Michael Gilbert at the Authentic Organization has an interesting post, Good Fences.  It addresses boundaries and work/life balance.  This is a great way of thinking of work life balance.  Some boundaries that jump to my mind are:

 

v     Being home for dinner with the family-I’m single, but I know this is a struggle for many.  In our organization, we are open until 9:00 p.m., so it is not an option for most.  For myself, I need to create a boundary around skipping meals. 

v     Phone calls at home-This is a matter of training staff on when it is appropriate to call and when they should send an e-mail so I have it on my desk in the morning.  I tell staff (aside from obvious safety and major building issues) to make sure I don’t get blindsided by a phone call from a parent/board member/community partner.  Most other issues can wait for my inbox the next day. I have probably made it too easy for people to call me at home.  Unfortunately, it is harder to reprogram people than it is to train them right the first time.

v     Checking e-mail at home-I have gotten away from this.  My laptop slowing down had a lot to do with it (thanks Neil for teaching me to speed it back up!), but I don’t really miss it.  Part of that is that I’ve learned some tricks on keeping my inbox empty.  If it does get backed up, I may empty it out while watching ESPN.  That way it doesn’t really feel like work.  I also have started to use Outlook to send messages the following morning.  That way people don’t expect me to check my e-mail at all hours anymore.

v     Bringing work home-This was also a victim of my laptop.  It has been good for me to leave work at work.  I think that bringing work home can help with work life balance too though.  If bringing it home and working on it after everyone else is in bed allows you to be home in time for dinner and still make your deadline it may be in your best interest.  I have gotten away from feeling like I have to bring everything home, extending my workday. 

v     Working on weekends-This is how the The One Minute Manager Meets the Monkey starts-with the manager working on a beautiful Saturday with his staff out playing golf.  I’m more likely to go in on Saturday see staff running a swim meet, doing a community service project and running basketball practice.  For me, working on the weekends needs to be about doing something on my terms.  Obviously there are occasional special events and conferences that are the exception.  I don’t mind going in on a weekend to do a fun project or at least one of my choice.  I hate going in if I am just trying to meet a deadline.
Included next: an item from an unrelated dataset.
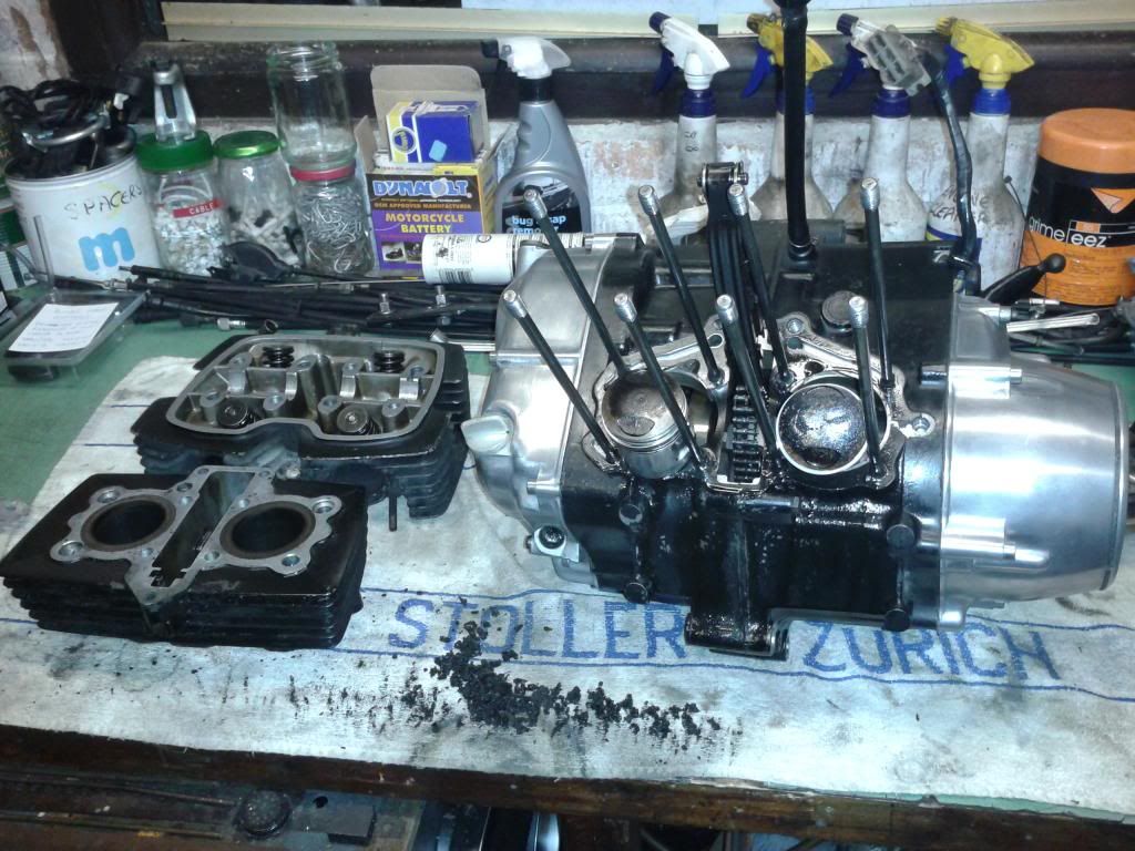 As matter of course, 'now', I cut to the chase; I pull the motor and tear-down. A Chinese barrel kit, with new rings and gaskets is chaper than a rebore, at last look aprox £120. Head comes off and gets stipped; valves get lapped in, and new stem seals fitted. Then it goes back together on the Chnky barel, attension payed to the cam and cam bearings, rockers and state of the likely chewed up tappets. Cam gets critically timed in on rebuld, and hint the Chinky replacements are crap... cap bearings are worth the swap though. A-N-D the top-tip, IF the cam-chain loops onto the sprocket easily, and you dont have trouble timing it in... then the cam-chains likely fcuked!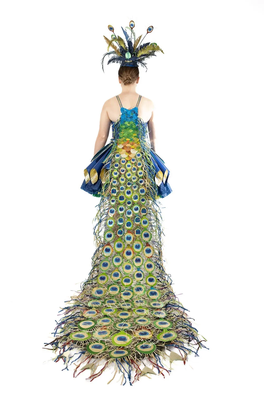 The dress is a reimagining the famous peacock dress of the 1900's as an homage to a bygone era of flamboyant luxury and excess. Likita is exploring how the physical material affects the shaping of functionality and form and the relationships that develop around their conception and use in an age of transformation and societal crisis.

v     Vacation-I took today off and ended up having 4 phone calls from work before 9:00 a.m.  Part of this is how I have trained people.  It is my responsibility to make the decision on closing the Club due to weather during vacation weeks. I didn’t tell them what to do if I wasn’t in to make the call.   I probably didn’t do a good enough job communicating that I was on vacation to everyone either.  Some just assumed I was working.  I think that the most important thing to having a peaceful vacation is to make sure you have completed what needs doing before you leave and communicating when other things will be completed so people aren’t looking for them while you are gone. 

 

What do are your biggest work/life boundary issues?  How do you address them?